Results: SNP genotyping and QC yielded a final population of 579 sJIA cases and 12,930 control subjects. Association testing of an imputation-expanded SNPset identified a novel, highly significant susceptibility locus on chromosome 2. The strongest risk factor was a 124kb 6-SNP haplotype that contained the entire CXCR4 gene (OR 1.7; p=4.3E-10), encoding C-X-C chemokine receptor type 4. Homozygosity for the haplotype conferred an even greater risk of sJIA (OR 2.8). The sJIA risk haplotype correlated with high CXCR4 expression in B lymphoblasts from 1KG participants (p=4.0E-4). Because CXCR4 is important for the development, maturation and migration of many leukocyte populations, we evaluated the effect of the haplotype on leukocyte migration towards CXCL12 in 6 pairs of population control subjects with 0 and 2 copies of the risk haplotype. CD14+ monocytes and neutrophils from risk haplotype homozygotes displayed greater migration towards the CXCR4 ligand, CXCL12, than did monocytes from subjects without the risk haplotype.
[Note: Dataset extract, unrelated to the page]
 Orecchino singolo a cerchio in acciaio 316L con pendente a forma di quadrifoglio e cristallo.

Finally, when we examined CD14+ monocyte RNAseq data from sJIA patients (GSE147608), expression of CXCR4 was higher in sJIA monocytes than in those from healthy subjects, regardless of disease activity (p=0.0009).
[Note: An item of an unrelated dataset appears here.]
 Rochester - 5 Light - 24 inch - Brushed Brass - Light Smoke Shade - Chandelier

Conclusion: We report a novel association between sJIA and a high-expression CXCR4 haplotype. Homozygosity for this haplotype is nearly 3-fold greater in sJIA than in the control population. The risk haplotype leads to increased migration of CD14+ monocytes and neutrophils from healthy subjects. The relevance of this finding is amplified by the observation that CXCR4 expression is increased in CD14+ monocytes from both active and inactive sJIA patients. This suggests that increased CXCR4 expression and signaling may be a genetically-encoded, intrinsic characteristic of sJIA.
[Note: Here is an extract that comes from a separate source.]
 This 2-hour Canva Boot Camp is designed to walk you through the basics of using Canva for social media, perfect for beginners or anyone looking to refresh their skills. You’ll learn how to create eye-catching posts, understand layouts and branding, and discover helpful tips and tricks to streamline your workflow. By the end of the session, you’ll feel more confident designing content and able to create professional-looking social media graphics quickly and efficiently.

Disclosures: H. Nakano, None; E. Shuldiner, None; A. Hinks, None; M. Sudman, None; E. Remmers, None; C. Satorius, None; E. Schmitz, None; V. Arthur, None; P. Woo, None; A. Grom, Sobi, Novartis; D. Foell, Novartis, Sobi, Boehringer, Novartis, Sobi; J. Bohnsack, None; M. Gattorno, None; S. Ozen, None; S. Prahalad, Novartis; R. Yeung, None; E. Mellins, GlaxoSmithKline, Genentech, Codexis; S. Oliveira, None; J. Antón, None; C. Len, None; C. Lake, None; L. Bergeron, None; M. Millwood, None; E. de los santos, None; M. Correia Marques, None; J. for the Immunochip, None; T. Investigators, None; I. Consortium, None; C. Langefeld, None; S. Thompson, None; W. Thomson, None; M. Ombrello, None.